General and Specific Criteria - Physical and Biological Sciences Diversified Core

Core courses must meet the following requirements:

•   They explicitly help students understand what liberal education is, how the content and the substance of this course enhance a liberal education, and what this means for them as students and as citizens.

PsTL 1135 Essentials of Human Anatomy and Physiology is a freshman level life-science course that is organized around the major organ systems in the context of their roles in maintaining homeostasis. Students first learn the concept of hierarchical organization of the body, (e.g., molecules, cells, tissues, etc.) then examine how these interrelationships lay the foundation for the study of the body's systems. Relationships between structure (anatomy) and function (physiology) are stressed.
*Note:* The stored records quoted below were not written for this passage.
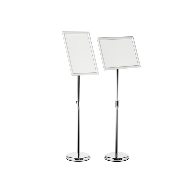 Espositore da pavimento facile da assemblare con robusta cornice a scatto in alluminio anodizzato. Per un'elevata stabilità consigliamo di riempire la base (diametro: 250 mm) con la sabbia. La base rotonda con rivestimento in gomma che previene la formazione di graffi sul pavimento. Altezza regolabile grazie all'asta telescopica (regolabile in step da un'altezza minima di 770cm a un massimo di 120,5cm). La cornice può essere facilmente ruotata dal formato verticale a quello orizzontale. Angolo di lettura regolabile tramite giunto sferico. Foglio di protezione resistente ai raggi UV e antiriflesso. Pannello posteriore in polistirene antiurto.
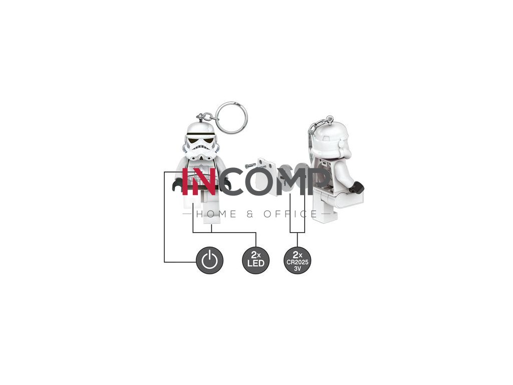 LEGO® Star Wars Stormtrooper svietiaca kľúčenka! výška: 7,5 cm (ruky a nohy sú odpojiteľné) -funguje na 2x CR2025/3V batérie (sú súčasťou balenia) -odporúčaný vek: 6+
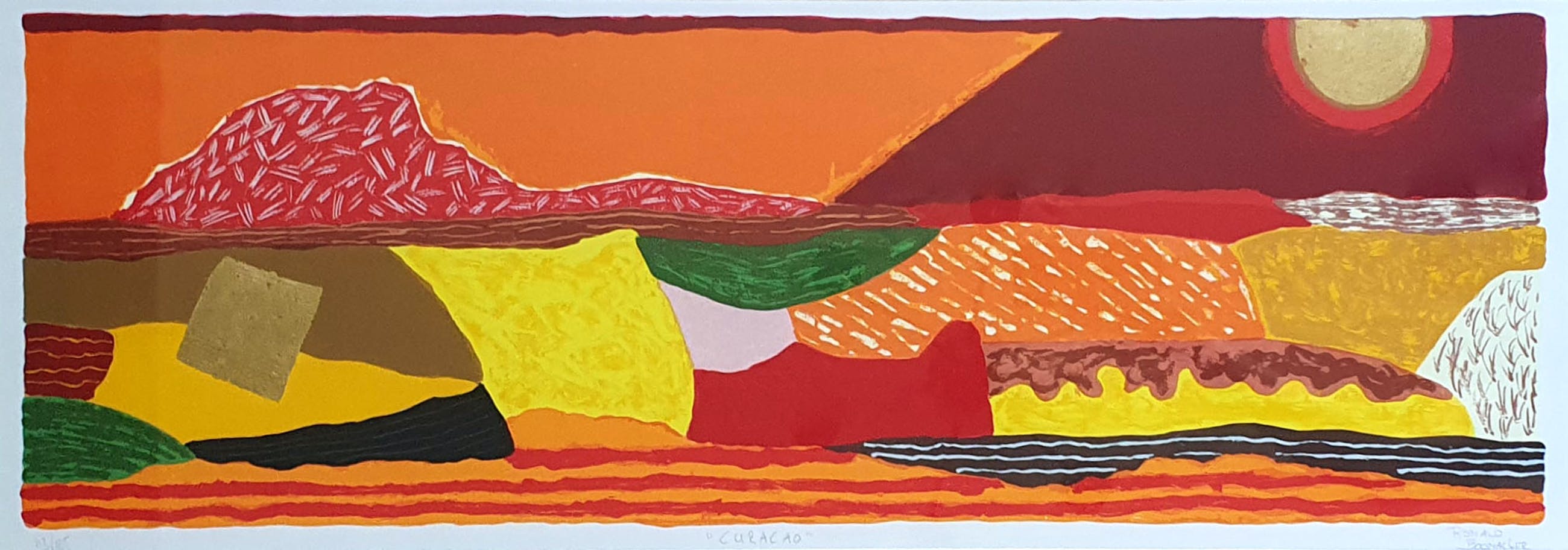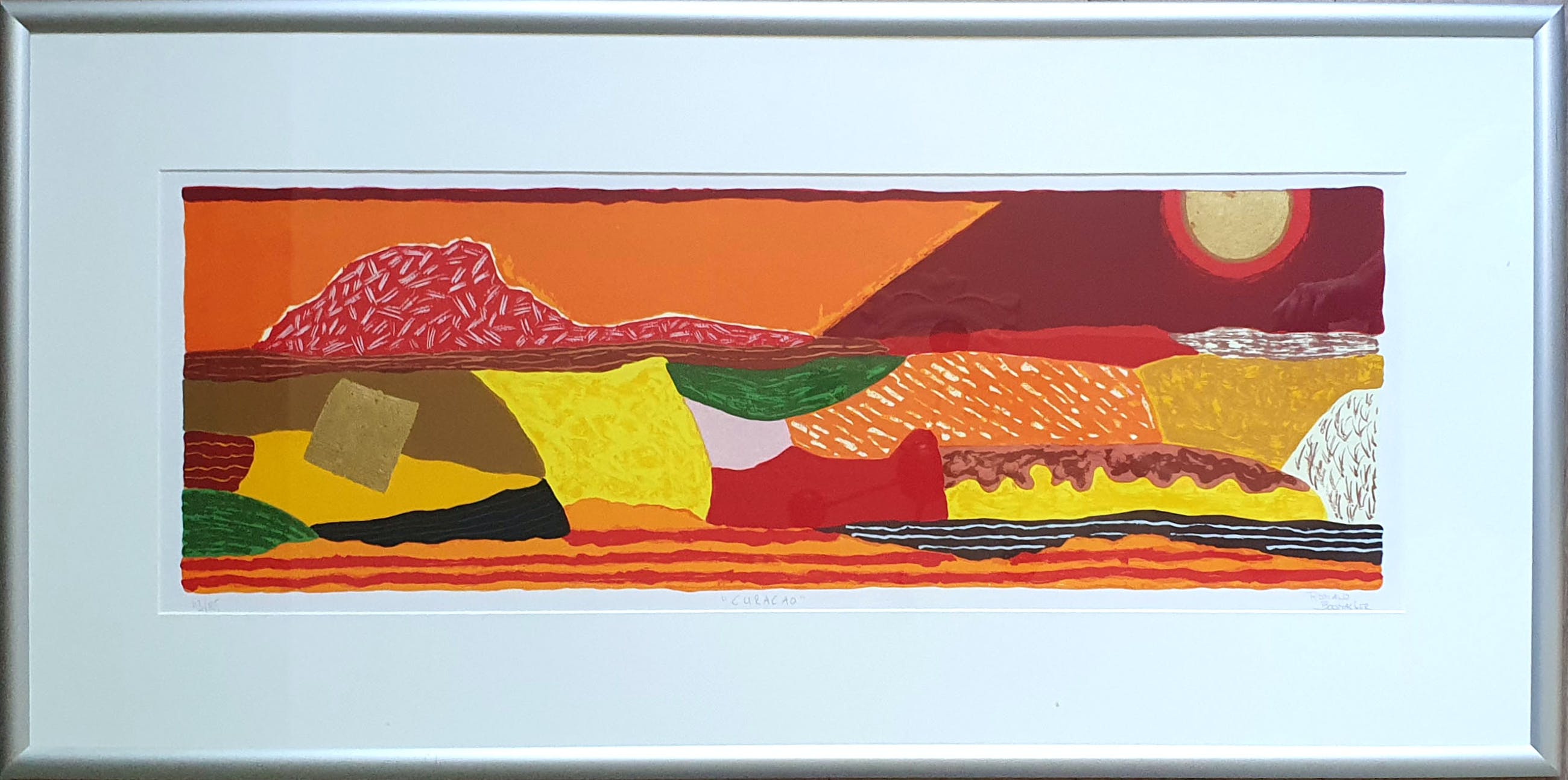 Mooie grote zeefdruk van Ronald Boonacker. Het werk is met potlood gesigneerd en genummerd.
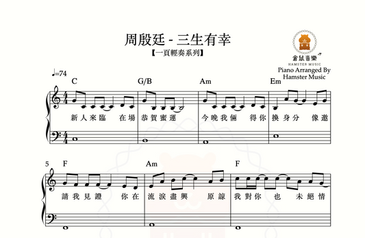 【一頁輕奏系列】周殷廷 - 三生有幸(附歌詞、和弦)
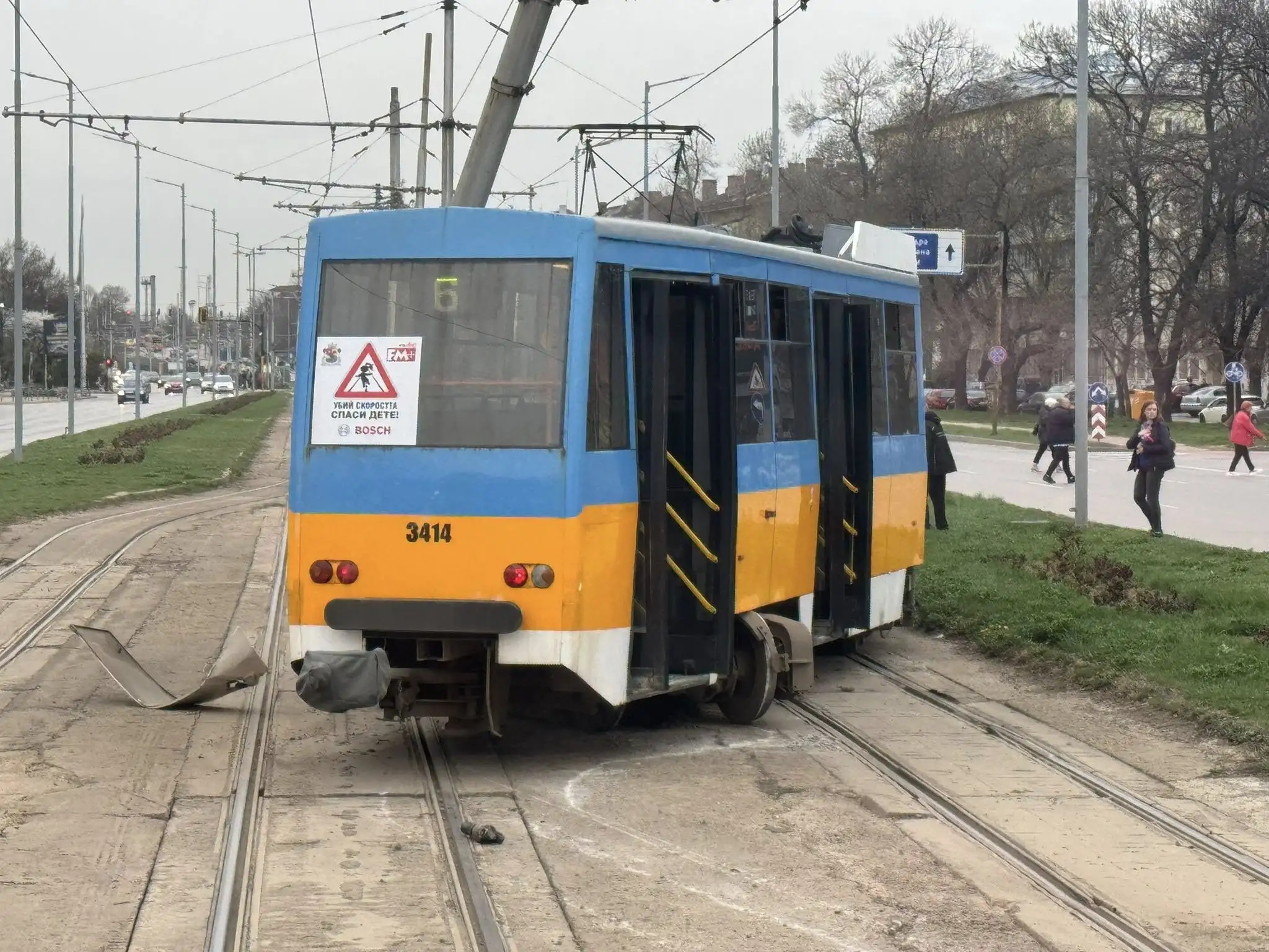 Трамвай излезе от релсите на бул. Мария Луиза срещу кино Освобождение. По чудо не се съобщава за пострадали хора.
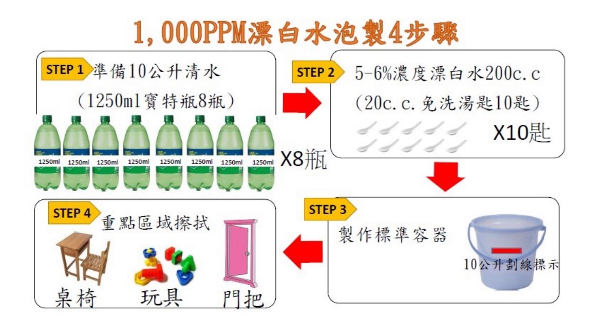 衛生局也提醒,預防腸病毒應從日常做起,家長應教導孩子正確洗手五步驟「濕、搓、沖、捧、擦」,並把握洗手五時機,包括進食前、接觸幼兒前、如廁後、擤鼻涕後及看病前後。同時,學校及幼托(育)機構亦應加強環境清消,針對門把、桌椅、玩具及室內遊戲設施等常接觸物品,定期以1,000 PPM漂白水消毒(10公升清水+200毫升市售家庭用漂白水),降低傳播風險。

Using homeostasis to tie the systems together leads to discussion of both normal and abnormal (pathological) functioning.
Physiology, the study of function, readily lends itself to asking questions, constructing hypotheses, and designing experiments.  In the lab section of the course, students are required to use the scientific method to confirm or refute hypotheses.  Lab activities will be reinforced in the lecture section of the course where data and conclusions will be synthesized into larger, well established, concepts in anatomy and physiology.   Students discover that a scientific "way of knowing" is one of many types of knowledge within a liberal education.
PsTL 1135 focuses on understating the structure and function of the human body, but lessons showing history of medicine, anatomy and physiology education, and the use of the human body in art and religion are also presented.  The interdisciplinary content coupled with traditional human anatomy and physiology are used to lead students to understand how biological knowledge is created, reflecting on its  relevance towards life style choices, and using that knowledge to make informed personal and public health decisions.  Becoming more informed citizens is what a liberal education is about.

•   They employ teaching and learning strategies that engage students with doing the work of the field, not just reading about it.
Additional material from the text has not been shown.